The Lying Life of Adults
Release date: January 4
Elena Ferrante and her remarkable stories are a hot commodity of late. Maggie Gyllenhaal recently adapted one of her books, The Lost Daughter, starring Olivia Colman, Dakota Johnson and Paul Mescal, and Netflix has decided it must do the same with Ferrante's novel The Lying Life of Adults. The TV adaptation has been broken down into an eight-part drama; with the series landing on the streamer in early January.
Daisy Jones & The Six
Release date: March 3
The official line on Daisy Jones & the Six is that it's meant to be about a fictional band, but it's clearly inspired by the very real rock group Fleetwood Mac who's behind-the-scenes drama infamously drove their musical output. Based on the best-selling novel by Taylor Jenkins Reid, Daisy Jones & The Six is a limited musical-drama series arriving on Prime Video detailing the rise and precipitous fall of Fleetwood Mac. Riley Keough is set to take the stage for the musical drama as the would-be Stevie Nicks. The role feels only fitting for the daughter of singer-songwriter Lisa Marie Presley (and granddaughter of Elvis Presley).
Lessons in Chemistry
Release date: 2023
Published by Penguin back in early 2022, Apple TV picked up this New York Times bestseller and is fashioning it into a drama series to be released in 2023. Behind the source material is author, science editor and copywriter Bonnie Garmus, who transports readers back to California in the 1960s through her character Elizabeth Zott, a single mother and chemist-turned-cooking show host who unwittingly finds herself starting a feminist revolution through the television.
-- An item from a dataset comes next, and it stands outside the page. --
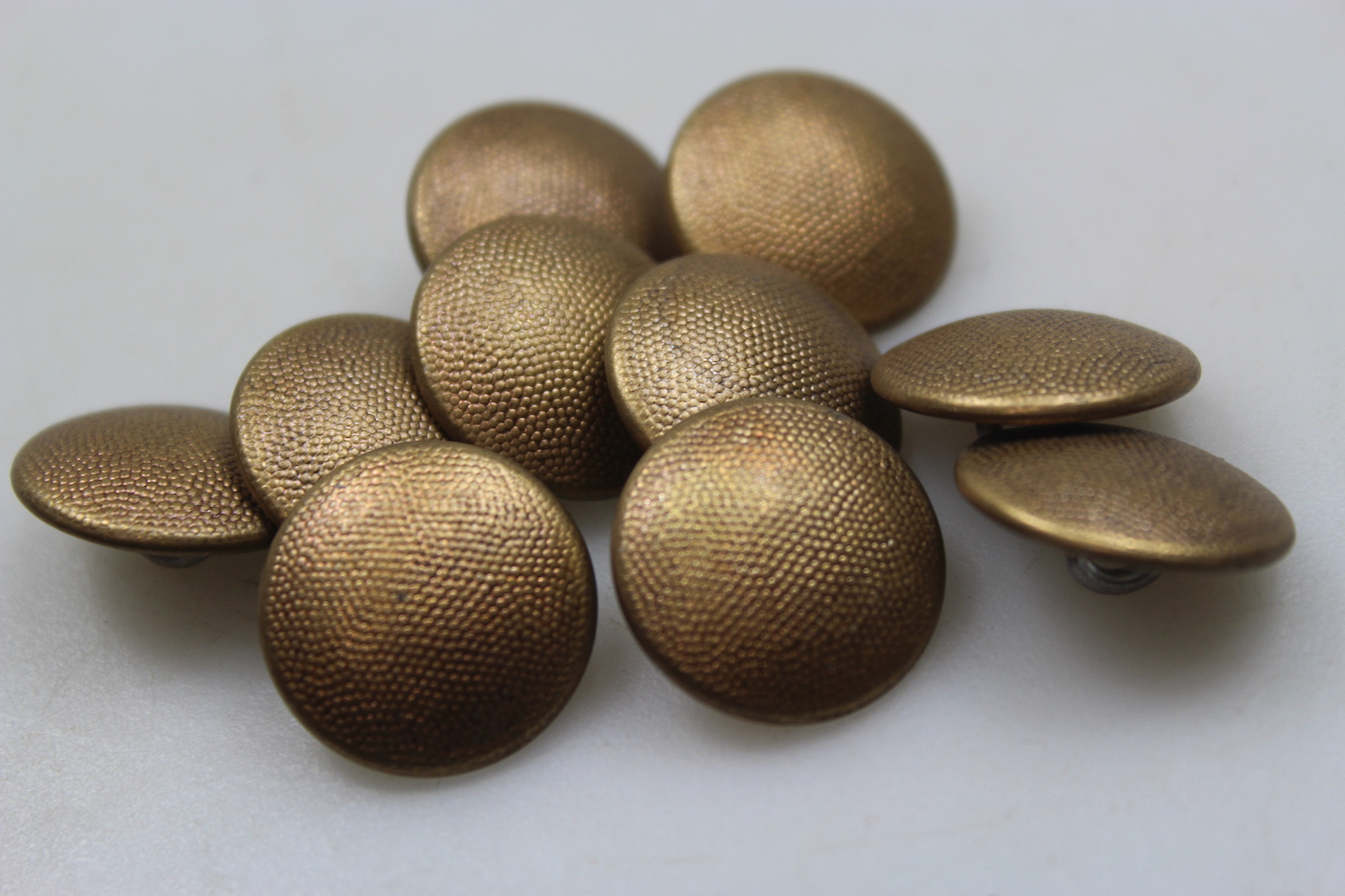 # 10 bottoni dorati, diametro mm 19, produttore Overhoff & Cie, perfettamente “matching”. Buono stato di conservazione.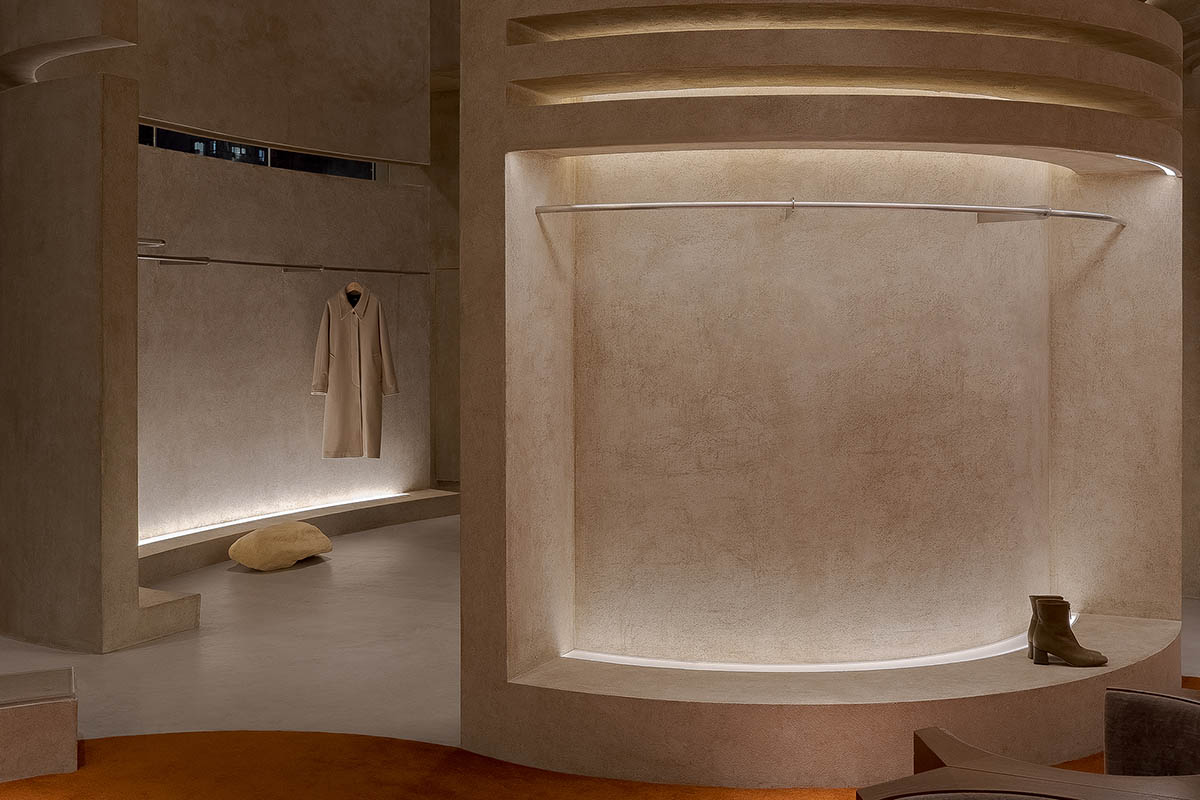 Soft curves, rounded edges, earth-toned display areas become the main elements that are the basis of functions and layering of space. The interior space presents a continuous flow while customers moving inside.

Brie Larson will take the lead role, starring alongside Lewis Pullman, Aja Naomi King, Stephanie Koenig and Patrick Walker.
Release date: TBC
Based on Irish writer Naoise Dolan’s debut 2020 novel, the series has been described as a modern romance with a twist. If you're wondering just how good the storyline is, the rights to the book had already been optioned even before it had hit shelves. Dolan has confirmed that she will be staying on board to co-write and direct; with Bridgerton's Phoebe Dynevor also working in front and behind the scenes as executive producer.